Our security department rejected the use of provided CA ssl configuration shipped with RA servers. We have to replace with our own. Think this will be the case for most clients
Documentation in installation guide is quite clear, although sometimes uncomplete.
Successfully managed to do it for clients connecting to NAC UI (tomcat NAC server.xml modifications) and Automation Studio jnlp (signing custom truststore jar with public certificate)
However, impossible to be successful for NAC to NES secure communication.
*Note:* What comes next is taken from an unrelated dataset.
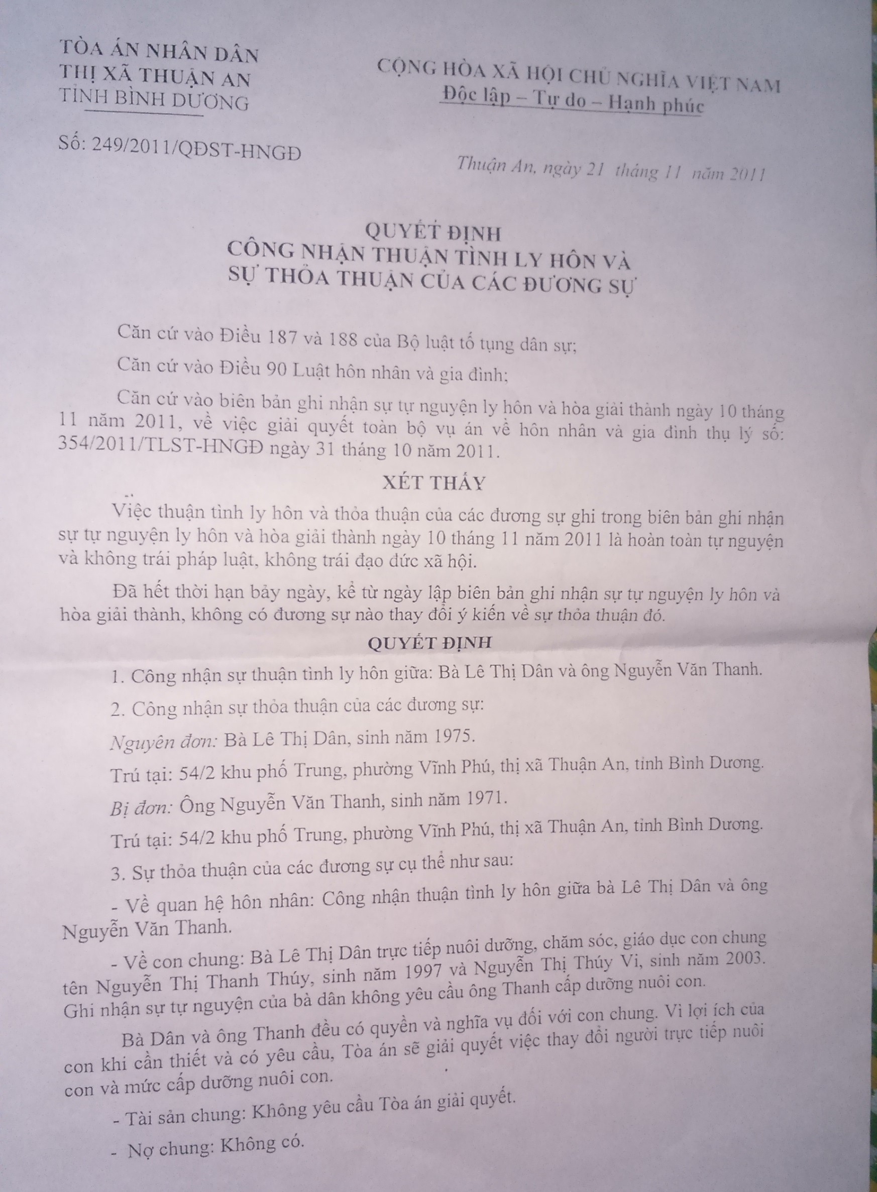 Gần 10 năm bị người chồng có tính “trăng hoa” bạo hành, chị Lê Thị Dân (SN 1975, ngụ 54/2 khu phố Trung, phường Vĩnh Phú, thị xã Thuận An, Bình Dương) buộc phải viết đơn li hôn. Thế nhưng, ngay cả khi đã đường ai nấy đi thì chồng cũ là Nguyễn Văn Thanh vẫn đánh ghen và uy hiếp vợ cũ.

Did everything correct, using your installation guide and tomcat SSL how tos.
For NAC have
* A keystore correctly configured with NAC Certificate/Private key combo
* A truststore with NES public certificate
For NES got the opposite :
* A keystore correcly configured with NES Certificate/Private key combo
* A truststore with NAC public certificate
Both HTTPS and ActiveMQ communications are correctly configures in tomcat configuration files.
However, still have PKIX errors and don't have many more informations inside either NAC or NES logs.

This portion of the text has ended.